I dont' know the area, but is this the only walleye lake in the area? I know you guys have a right to fish there, but I also understand wanting to be able to set up a course like this. It sounds like it is a high school sport, not just some rich rowing club taking over your lake.

On a side note, imagine their disgust when they show up for their even to find their course filled with anchored fisherman. Maybe we can get Walleye Mike to wear a hot pink speedo.


----------



## ESOX (Nov 20, 2000)

Ray,
I would like to thank you for your efforts on our behalf.


----------



## WALLEYE MIKE (Jan 7, 2001)

Beave, its not a high school team. Its is a rich rowing club. I'd rather see Esox in a pink speedo. Its not really a hot walleye lake but the point is its such a small lake with other much larger lakes in a 30 mile area. They take up the whole lake for a whole month. This lake is convienant for me because its 2 minutes from home. And if they need permits so be it. Whats wrong with putting a course on Pontiac lake, Cass lake, Orchard lake which are triple the size Stoney is.

Ray, you get my thanks again for all your efforts.


----------



## WALLEYE MIKE (Jan 7, 2001)

Ray, can you expand on the "seems to be some resistance" and "going to have problems" and "moving forward with what the law requires". Or is this something we need not know.

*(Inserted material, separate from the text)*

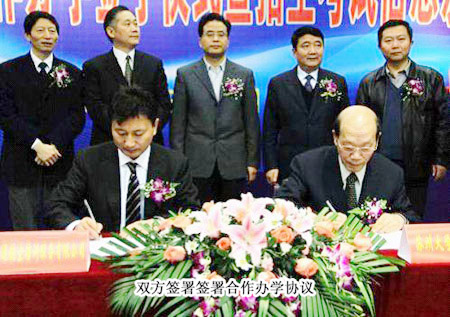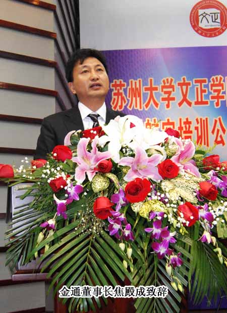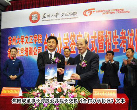 蘇州大學(xué)文正學(xué)院與金通航空培訓(xùn)簽署合作辦學(xué)協(xié)議 本網(wǎng)訊 隨著金通航空培訓(xùn)公司“校企合作”取得了可喜的成績,辦學(xué)規(guī)模日益擴(kuò)大,在業(yè)內(nèi)影響力逐年提升。今年,金通航空培訓(xùn)再添佳績,與享譽(yù)美名、學(xué)風(fēng)扎實的蘇州大學(xué)文正學(xué)院達(dá)成合作。 12月8日下午,金通航空培訓(xùn)公司與蘇州大學(xué)文正學(xué)院合作辦學(xué)簽約儀式暨招生考試信息發(fā)布會隆重舉行。眾多媒體對此給予了充分關(guān)注并進(jìn)行了深入報道。 蘇州大學(xué)黨委副書記、副校長江涌主持了此次會議,出席會議的嘉賓有金通航空培訓(xùn)公司董事長兼總經(jīng)理焦殿成、蘇州大學(xué)黨委書記王卓君、蘇州大學(xué)校長朱秀林、蘇州市教育局局長鮑寅初、文正學(xué)院副院長蔣峰等。 蘇州大學(xué)校長朱秀林在致辭中指出,簽署合作辦學(xué)協(xié)議,開啟了蘇州大學(xué)與金通航空培訓(xùn)服務(wù)有限公司的全面合作,預(yù)示了雙方“強(qiáng)強(qiáng)聯(lián)合、互惠雙贏”的全面開始。希望大家以聯(lián)合辦學(xué)為契機(jī),進(jìn)一步拓展合作空間,豐富合作內(nèi)容,為探索我國航空人才的教育與培養(yǎng)而努力奮斗! 金通董事長焦殿成在致辭中表示:隨著祖國民航業(yè)的快速發(fā)展,民航空乘人才作為民航系統(tǒng)的重要生產(chǎn)力,其選拔培養(yǎng)受到社會的廣泛關(guān)注。成為一名空中乘務(wù)員,是高校畢業(yè)生和家長展翅藍(lán)天的夢想。面對國家教育體制改革的良好趨勢,適逢我國民航業(yè)快速發(fā)展的有利契機(jī),校企之間真誠合作,攜手培養(yǎng)社會需要的高端人才,將是高等院校和企業(yè)科學(xué)發(fā)展的的必由之路、創(chuàng)新之路和希望之路。金通與蘇州大學(xué)文正學(xué)院采用校企合作辦學(xué)模式,共同開辦本科層次的藝術(shù)設(shè)計專業(yè)(空乘方向),是合作雙方認(rèn)真考察、縝密調(diào)研、履行正規(guī)批報程序所做出的科學(xué)決策。 隨后,殷愛蓀與焦殿成簽署合作協(xié)議,并互贈禮物。 文正學(xué)院是中國高等教育多元化探索的產(chǎn)物,是最早創(chuàng)辦的公有民辦二級學(xué)院之一,后改辦為獨(dú)立學(xué)院。自1998年開辦以來,文正學(xué)院依托“母體”學(xué)校的雄厚師資而存在,與蘇州大學(xué)研究型大學(xué)定位不同的是,文正學(xué)院結(jié)合區(qū)域經(jīng)濟(jì)發(fā)展的現(xiàn)實需要,培養(yǎng)應(yīng)用型本科人才。從為適應(yīng)城市交通發(fā)展開設(shè)城市軌道交通相關(guān)專業(yè),到為適應(yīng)民航業(yè)發(fā)展開設(shè)空乘專業(yè),都顯示了文正學(xué)院緊貼社會需求進(jìn)行人才培養(yǎng)的辦學(xué)思路和辦學(xué)實踐。 據(jù)悉,此次文正學(xué)院所開設(shè)的空乘專業(yè)為全日制藝術(shù)類本科,學(xué)制四年,計劃首屆在藝術(shù)類中招收200名空乘專業(yè)學(xué)生,將開設(shè)包括有民航發(fā)展史、客艙服務(wù)與管理、客艙設(shè)備使用與管理、民航乘務(wù)英語、民航空乘禮儀、客艙服務(wù)程序及標(biāo)準(zhǔn)動作實操等多門專業(yè)課程。同時,除常規(guī)教學(xué)外,文正學(xué)院還將為學(xué)生配置民航客機(jī)模擬訓(xùn)練艙、民航乘務(wù)員CBT教學(xué)軟件、含有世界所有民航客機(jī)模型182架等教學(xué)實訓(xùn)設(shè)備;為抓好學(xué)生教育管理工作,學(xué)院將設(shè)立空乘專業(yè)管理委員會,對學(xué)生實行半軍事化管理。學(xué)生通過文化與專業(yè)知識的學(xué)習(xí),接受空乘服務(wù)、英語、計算機(jī)等方面的技能訓(xùn)練,能夠熟練地運(yùn)用專業(yè)技能為顧客提供優(yōu)質(zhì)服務(wù),同時通過專業(yè)實習(xí)環(huán)節(jié)提升綜合素質(zhì),成為文化素養(yǎng)高、專業(yè)技能強(qiáng)的高級空乘、地勤人員。 此次新聞發(fā)布會的召開標(biāo)志著金通與文正學(xué)院的合作正式啟動,為文正學(xué)院藝術(shù)設(shè)計專業(yè)(空乘方向)的美好將來打下堅實基礎(chǔ)。相信若干年后,雙方所共同培養(yǎng)出的空乘學(xué)子們,一定會不負(fù)眾望,成為我國民航界的中堅力量!

I can go out Sunday to find out about the bouys being cabled together or not, but no any earlier. Gonna have to drag something thru them to find out.


----------



## Hunt4Ever (Sep 9, 2000)

> _Originally posted by WALLEYE MIKE _
> *..... I'd rather see Esox in a pink speedo..... *



You know what, I'd like to see that! Maybe you could get Gone Fishing and Ice Fishin' Nut to join them!


----------



## boehr (Jan 31, 2000)

What I mean is that the law will be enforced. But we also have to obey the requirements of the law in this particular matter because for illegal buoys we (DNR) are required to do certain proceedures of notification etc. So this, without cooperation of the park, will take time but like I said, the law will be enforced and everyone will be treated equally and the right way.

Also, I don't want to see Esox in a speedo of any color!


----------



## WALLEYE MIKE (Jan 7, 2001)

Thanks Ray. Keep us informed.


----------



## jpollman (Jan 14, 2001)

I was just at Stoney. I was going to take the boat but they're calling for possible showers/thundershowers so I didn't want to chance it. I parked at the Lakewood picnic area and walked up near the North Dam. It looks like they are dividing the lake up into more sections than they did last year. But there IS A CABLE in there ! Here's a pic.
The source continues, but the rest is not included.